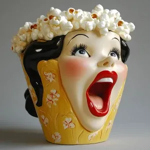 «Snow white popcorn bucket just her head with her mouth wide open»
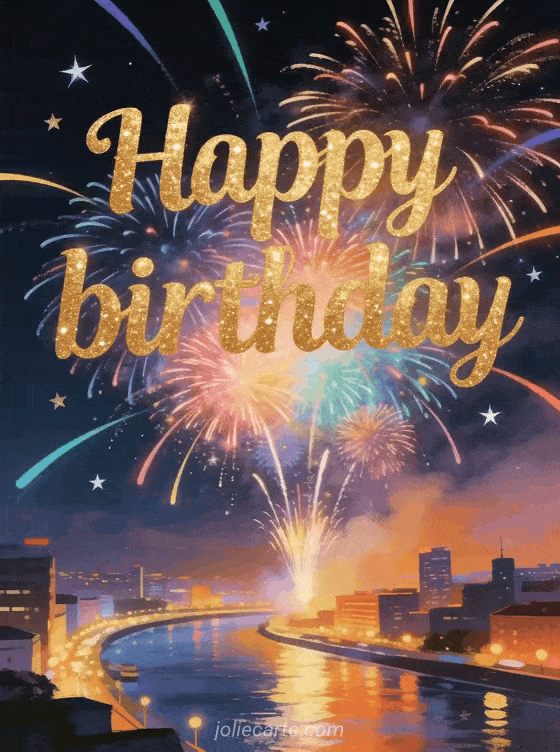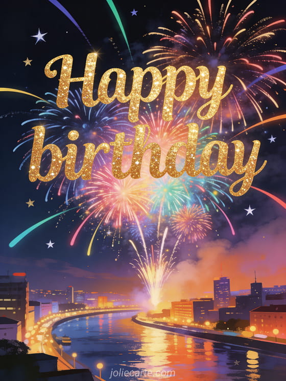 Celebrate a spectacular birthday with this stunning card featuring colorful fireworks over an illuminated city at night. Discover also a birthday card with mountain landscape or a birthday enjoy every moment card or a birthday nothing but happiness card.
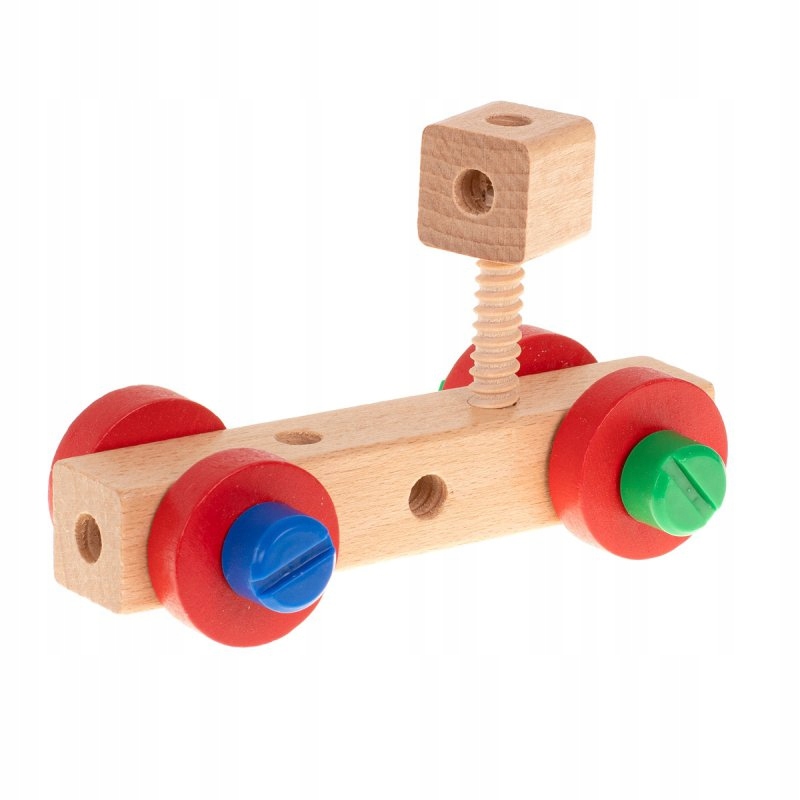 Rewelacyjna kolorowa, drewniana zabawka umożliwiająca zbudowanie warsztatu z funkcją krzesełka oraz innych dowolnych konstrukcji.
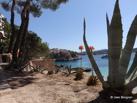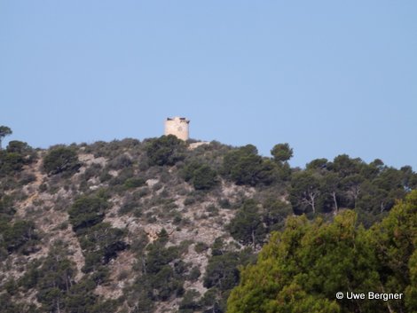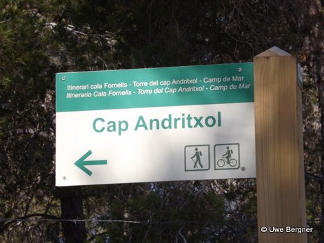 Die Wanderung beginnt am Strand von Paguera beim Hotel “MAR Y PINS” Hier geht es zuerst eine steile Treppe nach oben. Am Ende der Treppe biegt man nach links ab und folgt dem Strassenverlauf bis zur Bucht Cala Fornells. Hier geht zwischen dem gleichnamigen Hotel “Cala Fornells” und dem Hotel “Coronado” eine Strasse in den Pinienwald. Nach ein paar Minuten stößt man auf einen Parkplatz und eine Schranke. Neben der Schranke informiert eine Schautafel über Wanderwege zur Caló des Monjo, zum Wachturm Torre d´Andritxol und zum Cap d´Andritxol. Der Weg führt nun hinter der Schranke weiter bis zu einer leichten links Kurve. Hier biegt man nach rechts auf ein schmalen Pfad ab und folgt nun einfach der Beschilderung. Ein steiniger Weg führt jetzt stetig nach oben bis er wieder etwas breiter wird. Dann stößt man auf einen geöffneten Drahtzaun. Rechts von dem Zaun befinden sich eine lange Mauer und ein Eisentor. Schilder weisen darauf hin, dass es sich hier um Privatbesitz handelt und der Zutritt verboten ist. Weiter geht es bei dem Durchgang im Drahtzaun links auf einem breiteren Weg, der parallel zum Zaun aufwärts führt. Nach kurzer Zeit hat man einen herrlichen Ausblick auf das Örtchen Camp de Mar. Immer der Beschilderung folgend hat man nun bald den Torre d´Andritxol erreicht. Nach einer Pause am Torre d´Andritxol sollte man nun unbedingt noch bis zum Cap d´Andritxol gehen, das nach etwa zehn Minuten erreicht ist. Wer schwindelfrei ist, kann nun aus ca. 160 Metern Höhe einen phantastischen Blick auf das tief unter ihm liegende Meer werfen. Außerdem hat man eine tolle Aussicht nach Paguera, Santa Ponsa, auf die Vogelinseln “Islas Malgrats” und bei schönem Wetter bis nach Arenal. Anschließend begibt man sich wieder zurück Richtung Wachturm und steigt von dort wieder in die Bucht nach Cala Fornells ab. Hier kann man in einem der beiden Hotels eine Pause machen und ein kühles Getränk zu sich nehmen bevor man den Rückweg nach Paguera antritt. Für die Tour sollte man sich Zeit lassen um Aussicht und Umgebung genießen zu können. Auf der Strecke zwischen Paguera und Cala Fornells ist eine schöne Wohnanlage mit tollen Häusern in den Hang gebaut. Also den Foto nicht vergessen.
-------------------------
What you are asked to do: Repeat the data above exactly; images are not part of the copy.

Answer section:
 «Snow white popcorn bucket just her head with her mouth wide open»
 Celebrate a spectacular birthday with this stunning card featuring colorful fireworks over an illuminated city at night. Discover also a birthday card with mountain landscape or a birthday enjoy every moment card or a birthday nothing but happiness card.
 Rewelacyjna kolorowa, drewniana zabawka umożliwiająca zbudowanie warsztatu z funkcją krzesełka oraz innych dowolnych konstrukcji.
 Die Wanderung beginnt am Strand von Paguera beim Hotel “MAR Y PINS” Hier geht es zuerst eine steile Treppe nach oben. Am Ende der Treppe biegt man nach links ab und folgt dem Strassenverlauf bis zur Bucht Cala Fornells. Hier geht zwischen dem gleichnamigen Hotel “Cala Fornells” und dem Hotel “Coronado” eine Strasse in den Pinienwald. Nach ein paar Minuten stößt man auf einen Parkplatz und eine Schranke. Neben der Schranke informiert eine Schautafel über Wanderwege zur Caló des Monjo, zum Wachturm Torre d´Andritxol und zum Cap d´Andritxol. Der Weg führt nun hinter der Schranke weiter bis zu einer leichten links Kurve. Hier biegt man nach rechts auf ein schmalen Pfad ab und folgt nun einfach der Beschilderung. Ein steiniger Weg führt jetzt stetig nach oben bis er wieder etwas breiter wird. Dann stößt man auf einen geöffneten Drahtzaun. Rechts von dem Zaun befinden sich eine lange Mauer und ein Eisentor. Schilder weisen darauf hin, dass es sich hier um Privatbesitz handelt und der Zutritt verboten ist. Weiter geht es bei dem Durchgang im Drahtzaun links auf einem breiteren Weg, der parallel zum Zaun aufwärts führt. Nach kurzer Zeit hat man einen herrlichen Ausblick auf das Örtchen Camp de Mar. Immer der Beschilderung folgend hat man nun bald den Torre d´Andritxol erreicht. Nach einer Pause am Torre d´Andritxol sollte man nun unbedingt noch bis zum Cap d´Andritxol gehen, das nach etwa zehn Minuten erreicht ist. Wer schwindelfrei ist, kann nun aus ca. 160 Metern Höhe einen phantastischen Blick auf das tief unter ihm liegende Meer werfen. Außerdem hat man eine tolle Aussicht nach Paguera, Santa Ponsa, auf die Vogelinseln “Islas Malgrats” und bei schönem Wetter bis nach Arenal. Anschließend begibt man sich wieder zurück Richtung Wachturm und steigt von dort wieder in die Bucht nach Cala Fornells ab. Hier kann man in einem der beiden Hotels eine Pause machen und ein kühles Getränk zu sich nehmen bevor man den Rückweg nach Paguera antritt. Für die Tour sollte man sich Zeit lassen um Aussicht und Umgebung genießen zu können. Auf der Strecke zwischen Paguera und Cala Fornells ist eine schöne Wohnanlage mit tollen Häusern in den Hang gebaut. Also den Foto nicht vergessen.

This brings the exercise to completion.